**PROBLEM DESCRIPTION**
Return nothing but the lines from the one with "Lorsque vous ouvrez" through the one with "Cheesy Polenta + Mole & Pepper Relish" in the data below, word for word and without pictures.

(RECORD SET begins)

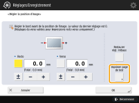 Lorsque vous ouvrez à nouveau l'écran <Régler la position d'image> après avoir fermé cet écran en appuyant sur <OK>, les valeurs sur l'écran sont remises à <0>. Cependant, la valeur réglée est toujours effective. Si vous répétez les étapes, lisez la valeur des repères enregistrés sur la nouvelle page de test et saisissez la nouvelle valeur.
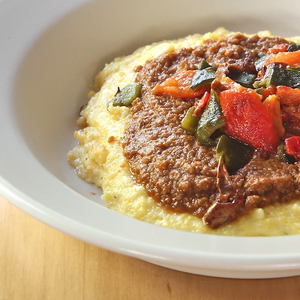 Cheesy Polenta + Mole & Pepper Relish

(RECORD SET ends)
(RECORD SET begins)

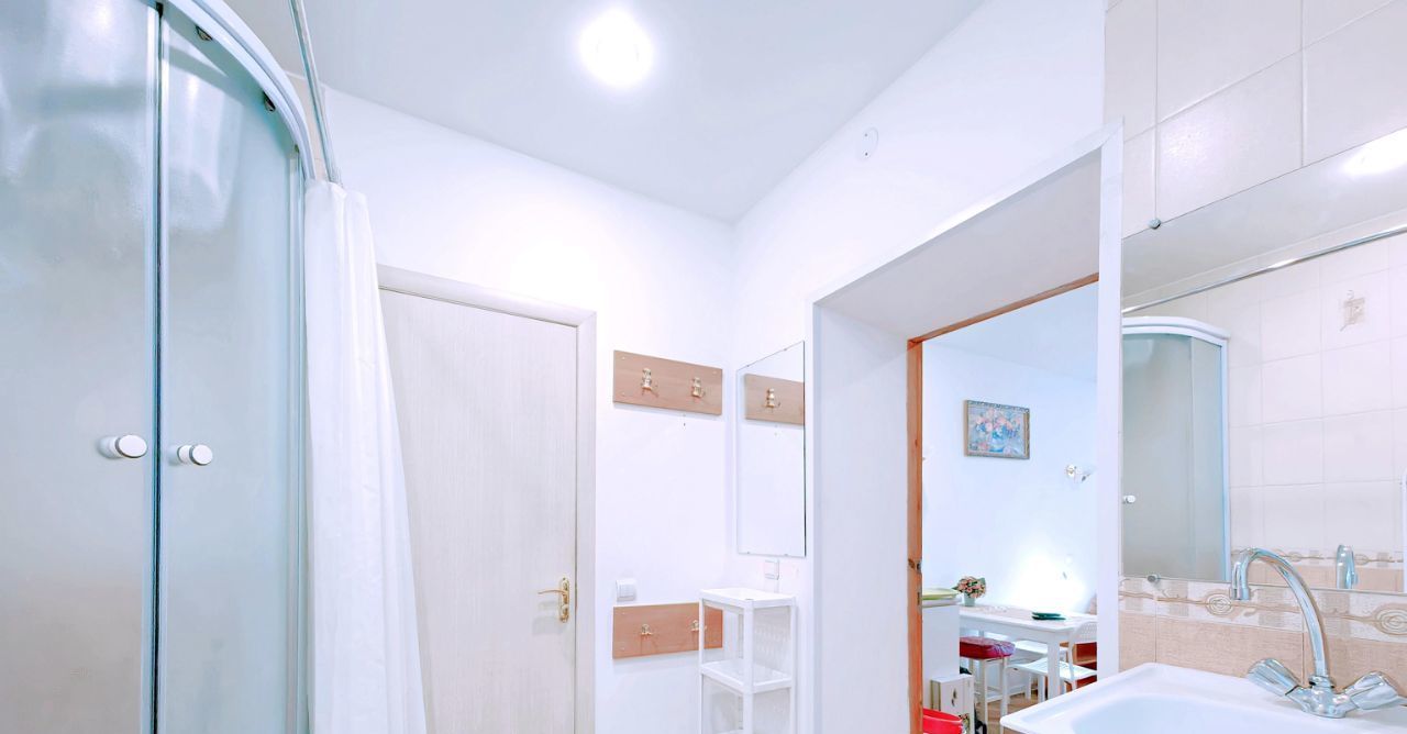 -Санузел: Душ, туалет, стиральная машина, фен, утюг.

(RECORD SET ends)

**OUTPUT OF THE EXERCISE**
 Lorsque vous ouvrez à nouveau l'écran <Régler la position d'image> après avoir fermé cet écran en appuyant sur <OK>, les valeurs sur l'écran sont remises à <0>. Cependant, la valeur réglée est toujours effective. Si vous répétez les étapes, lisez la valeur des repères enregistrés sur la nouvelle page de test et saisissez la nouvelle valeur.
 Cheesy Polenta + Mole & Pepper Relish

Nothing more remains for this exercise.